В 1841 году был основан «Панч» с Марком Лемоном в качестве редактора и Ли в штате; и для Лича присоединиться было лишь вопросом времени. Его первые попытки были пробными, но к 1844 году, когда Теккерей также стал силой в штате, он стал сильным человеком газеты, и сильным человеком он оставался до своей смерти двадцать лет спустя. «Панч» имел отличный персонал, мужество и здравые идеи, но без солнечной человечности Лича неделя за неделей вряд ли он завоевал бы такую полную популярность и доверие. Именно он, больше, чем любой другой участник, донес это до сердца нации.

Мультфильмы Лича по большей части предлагались ему, как результат обсуждения вокруг Дерева красного дерева (которое сделано из сосны); но в большей степени, вероятно, чем у любого из его коллег или преемников, социальные рисунки, по которым он сейчас наиболее известен и по которым он будет жить, были плодами его собственного наблюдения, визуального и слухового. То есть он предоставлял слова, а также рисунки. Он также следовал по пути наименьшего сопротивления. Ему было достаточно счесть инцидент забавным, записать его, и к тому времени, когда он проходил через этот фильтр — смесь гуманного понимания и гуманного веселья, — который он хранил в своем мозгу, он был обеспечен приемом и читателями «Панча». Сегодня газета немного более требовательна, немного более сложна: следствие, возможно, в некоторой мере, плодовитости и универсальности ее раннего гиганта, который предвосхитил так много шуток. Сегодня, как случается, больше духа Лича в «Life», где абсурд ради самого себя культивируется в большей степени. Но в течение двадцати лет этот дух пронизывал и доминировал в «Панче». Лич имел отличный шанс, и он поднялся до него. Никогда прежде вещи не были сделаны так легко для сатирического художника с бдительными глазами. Хогарт должен был планировать и бороться, чтобы представить свои гравюры публике; Гилрей и Роулендсон имели только продавцов эстампов в качестве средства; но Лич имел редактора, который ценил его и давал ему свободу, и работодателей, которые платили щедро, в то время как его работа появлялась в газете, которая увеличивала свой тираж с каждым номером. То есть он знал, что у него есть аудитория: немалый стимул. Результат в том, что «Картины жизни и характера» — это самый полный обзор социальной Англии его времен, который когда-либо делал или, вероятно, сделает любой художник.

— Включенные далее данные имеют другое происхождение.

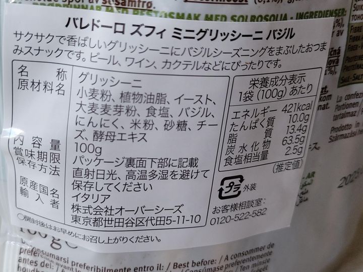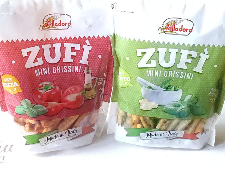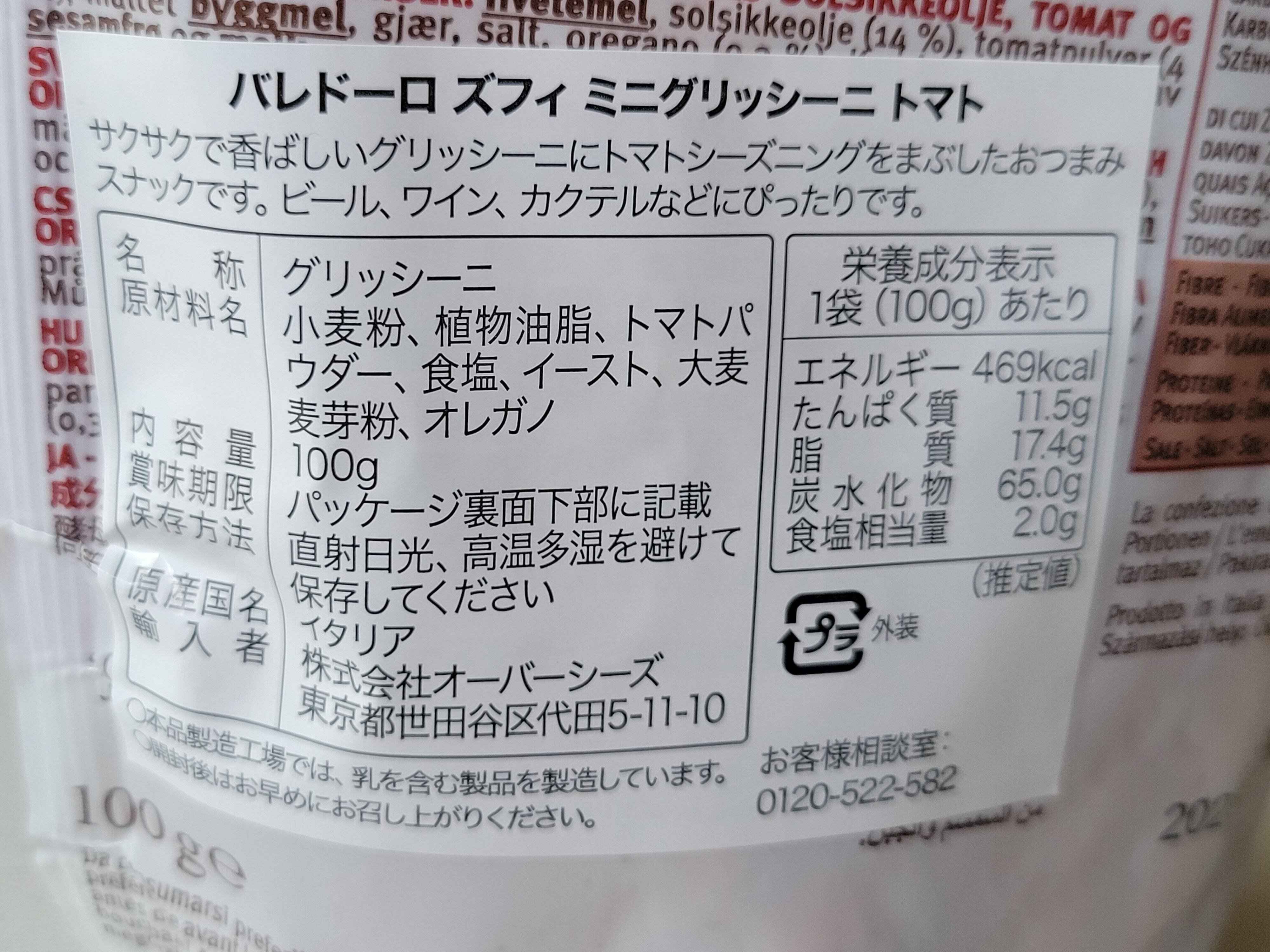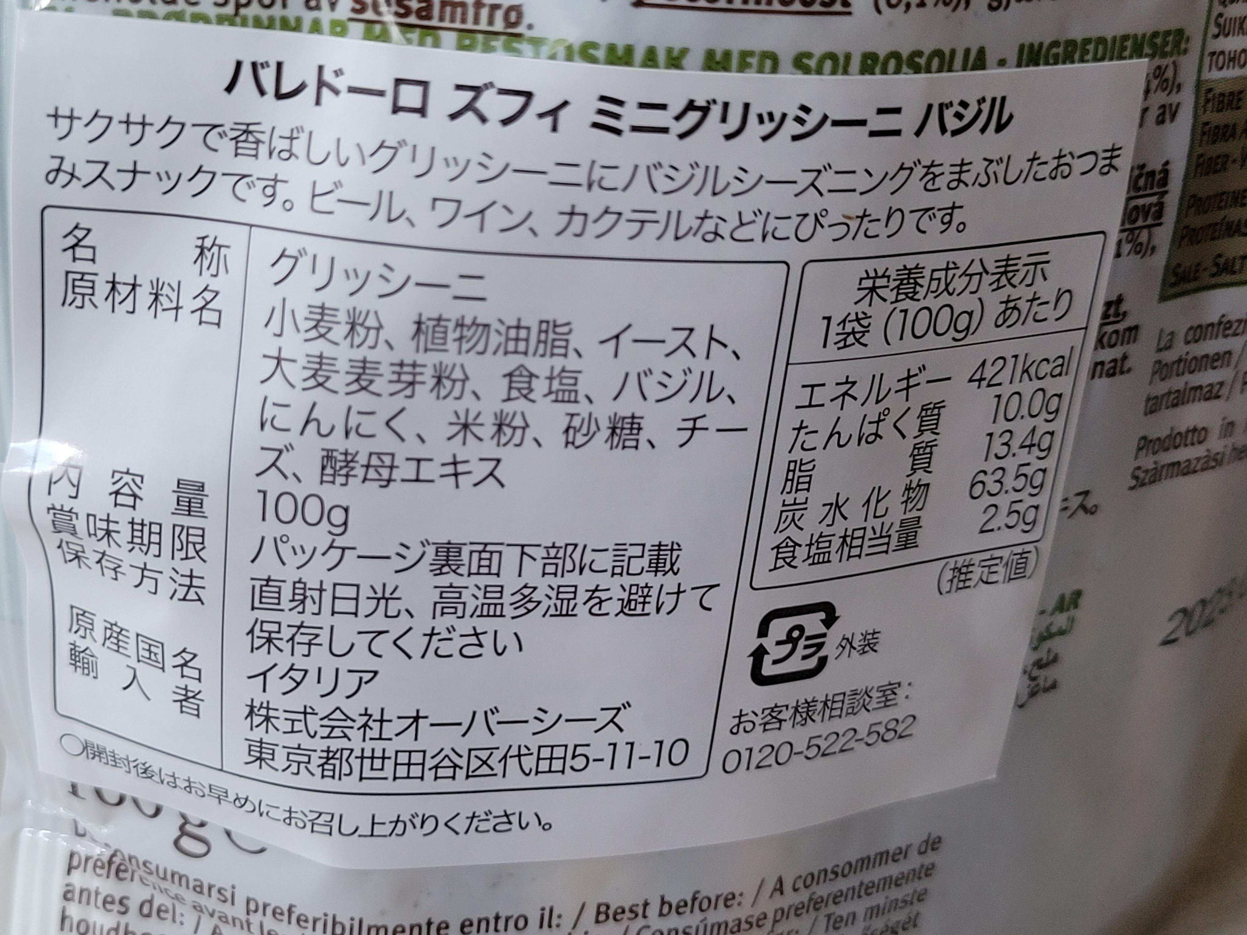 イタリア、バレドーロ社(Valledoro S.p.A)のズフィミニグリッシーニは、トマト味、バジル味ともに1袋あたり100g入って258円で販売されています。

Сегодня эта неисчерпаемая работа в трех огромных томах распродана, но никогда не было книги, которая лучше заслуживала бы постоянной доступности. Это памятник Лича, и у него нет другого. Учишься из него, смеясь самым честным смехом, как закоренелый плагиатор у самой себя госпожа Мода. Количество рисунков, которые требуют лишь малейшего модернизирующего изменения, чтобы быть убедительными сейчас, необычно. Лич ничего не упустил; и мир всегда возвращается на круги своя.

Слишком часто делалась критика, что Лич не умел рисовать. Поставленный рядом с Кином или Филом Мэем, он, правда, лишен неизбежности; его линия просто эффективна, никогда не великолепна; однако иногда он мог рисовать удивительно и вдыхать само дыхание жизни в фигуру. В частности, он был мастером жеста, и время от времени его пейзажи — это откровение. Но блестящий факт в том, что он мог рисовать достаточно хорошо; он делал, как сказал Теккерей, то, что хотел делать; это доказано его триумфом. Человек, который не умеет рисовать, не заставляет всех своих соотечественников следовать за своим карандашом в восторге (как будто это свисток Гамельнского крысолова), как это делал Лич в течение двадцати лет. Дю Морье, который восхищался им безмерно, попал в удачное сравнение, когда сказал, что Лич был «балладником среди рисовальщиков», или, другими словами, у него были простота, ясность, движение и история. Следует помнить также, что Лич делал в одиночку то, что с его дней требовало синдиката для выполнения. Он, сам и один, был карикатуристом, социальным рисовальщиком, рисовальщиком низшей жизни и поставщиком охотничьих сцен. Если Волонтеров нужно было поддразнить, рука Лича была здесь; если бесценный мистер Бриггс должен был быть изобретен и занят, Лич был его импресарио. И именно он также рисовал самых хорошеньких девушек в том, что Теккерей называл «гаремом мистера Панча».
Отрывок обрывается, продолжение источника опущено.